The doctrine arose as one of the "new issues" in the early Pentecostal revivals in the United States. The term finished work arises from the aphorism "It's a finished work at Calvary", referring to both salvation and sanctification. Finished Work Pentecostals and Holiness Pentecostal are the two main branches of classical, trinitarian Pentecostalism. The dispute surrounding it was called the Finished Work Controversy which split the Pentecostal movement into Wesleyan and non-Wesleyan doctrinal orientations, known respectively as Holiness Pentecostals and Finished Work Pentecostals.

== History ==
=== Background ===
When Holiness Pentecostalism, the earliest form of Pentecostalism, emerged as a distinct movement within American Protestantism, it was through ministers with a Wesleyan-Holiness (Methodistic) background such as Charles Parham and William J. Seymour. John Wesley, the founder of Methodism, advocated Christian perfection that held that entire sanctification was indeed a definite work that was to follow conversion (the New Birth). Wesley drew on the idea of theosis to suggest that sanctification would cause a change in motivation that if nurtured would lead to a gradual perfecting of the believer. Thus while it was physically possible for a sanctified believer to sin, he or she would be empowered to choose to avoid sin. Wesley's teachings and Methodism gave birth to the holiness movement, which sought to propagate the Methodistic doctrine of entire sanctification (Christian perfection). Most advocates within the holiness movement, in accordance with Methodist theology, taught that sanctification had both instantaneous and progressive dimensions. They taught the availability of entire sanctification, which was a post-conversion experience. In this "second definite work of grace", the inclination to sin was removed and replaced by perfect love. The state of entire sanctification allowed the believer to turn his or her attention outward toward the advancement of the gospel. In contrast, the state of partial sanctification was said to turn the believer's attention to the interior spiritual struggle for holiness which in turn limited his or her usefulness to the church and society. Though the holiness movement arose primarily within Methodism, it made an impact on the Quaker tradition, as well as in certain Anabaptist, Presbyterian, Baptist, and Restorationist denominations.

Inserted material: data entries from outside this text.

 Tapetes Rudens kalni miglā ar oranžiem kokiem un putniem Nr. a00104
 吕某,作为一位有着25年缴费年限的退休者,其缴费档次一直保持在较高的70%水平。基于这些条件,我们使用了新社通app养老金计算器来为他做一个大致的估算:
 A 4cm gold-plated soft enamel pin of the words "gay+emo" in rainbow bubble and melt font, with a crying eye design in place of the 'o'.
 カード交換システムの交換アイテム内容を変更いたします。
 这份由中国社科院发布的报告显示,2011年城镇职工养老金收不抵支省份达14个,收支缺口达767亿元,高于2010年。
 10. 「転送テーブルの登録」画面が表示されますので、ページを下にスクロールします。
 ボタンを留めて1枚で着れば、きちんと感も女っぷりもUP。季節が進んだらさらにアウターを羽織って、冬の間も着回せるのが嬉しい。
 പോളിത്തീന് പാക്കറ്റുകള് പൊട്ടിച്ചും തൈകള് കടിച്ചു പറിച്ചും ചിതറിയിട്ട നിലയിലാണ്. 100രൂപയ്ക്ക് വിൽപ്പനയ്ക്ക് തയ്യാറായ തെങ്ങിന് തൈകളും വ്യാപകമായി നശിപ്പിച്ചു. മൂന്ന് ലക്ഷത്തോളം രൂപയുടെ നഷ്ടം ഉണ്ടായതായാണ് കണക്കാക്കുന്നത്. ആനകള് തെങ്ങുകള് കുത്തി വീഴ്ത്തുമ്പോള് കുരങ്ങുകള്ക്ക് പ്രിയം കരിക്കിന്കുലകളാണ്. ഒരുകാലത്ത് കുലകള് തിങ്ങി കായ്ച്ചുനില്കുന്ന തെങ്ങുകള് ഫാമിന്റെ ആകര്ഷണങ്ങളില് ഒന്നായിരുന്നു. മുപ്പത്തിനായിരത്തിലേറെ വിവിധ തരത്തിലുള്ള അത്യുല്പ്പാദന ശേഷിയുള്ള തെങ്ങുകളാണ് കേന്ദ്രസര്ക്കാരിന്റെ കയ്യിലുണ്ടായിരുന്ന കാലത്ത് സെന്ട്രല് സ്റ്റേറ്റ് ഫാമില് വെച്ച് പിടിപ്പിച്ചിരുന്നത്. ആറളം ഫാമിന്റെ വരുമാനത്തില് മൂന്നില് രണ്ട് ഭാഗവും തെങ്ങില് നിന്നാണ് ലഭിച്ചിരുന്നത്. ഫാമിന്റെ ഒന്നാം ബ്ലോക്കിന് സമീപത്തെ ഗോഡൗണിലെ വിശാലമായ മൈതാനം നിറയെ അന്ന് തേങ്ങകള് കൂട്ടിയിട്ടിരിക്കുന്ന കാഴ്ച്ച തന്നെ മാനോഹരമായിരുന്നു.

Another movement stressing the importance of sanctification arose called the Higher Life movement, which centered around the Keswick Convention; the theology of the Higher Life movement is thus known as Keswickian theology. Keswickian theology differs from Wesleyan-Arminian (Methodist) theology. In time, significant Irvingite and Calvinist leaders became thoroughly embedded in the Higher Life movement. These included Charles Finney, William Boardman and Dwight L. Moody. These evangelicals of the Reformed tradition differed from their Wesleyan counterparts in that they rejected the holiness concept of a "second blessing" instead focusing on an "overcoming" life. Keswickian theology is most notable in the Christian and Missionary Alliance denomination.

Though distinct from Keswickian (Higher Life) theology, the Finished Work Pentecostal doctrine was also propagated through ministers of a Reformed background, including Pentecostal clerics William Howard Durham. The Finished Work doctrine became popular among those accepting a belief in the Baptism of the Holy Spirit who came from Reformed backgrounds; these adherents are known as Finished Work Pentecostals. While accepting a belief in a Baptism of the Holy Spirit accompanied with glossolalia, Finished Work Pentecostals reject the teaching of entire sanctification (the second work of grace in Methodism).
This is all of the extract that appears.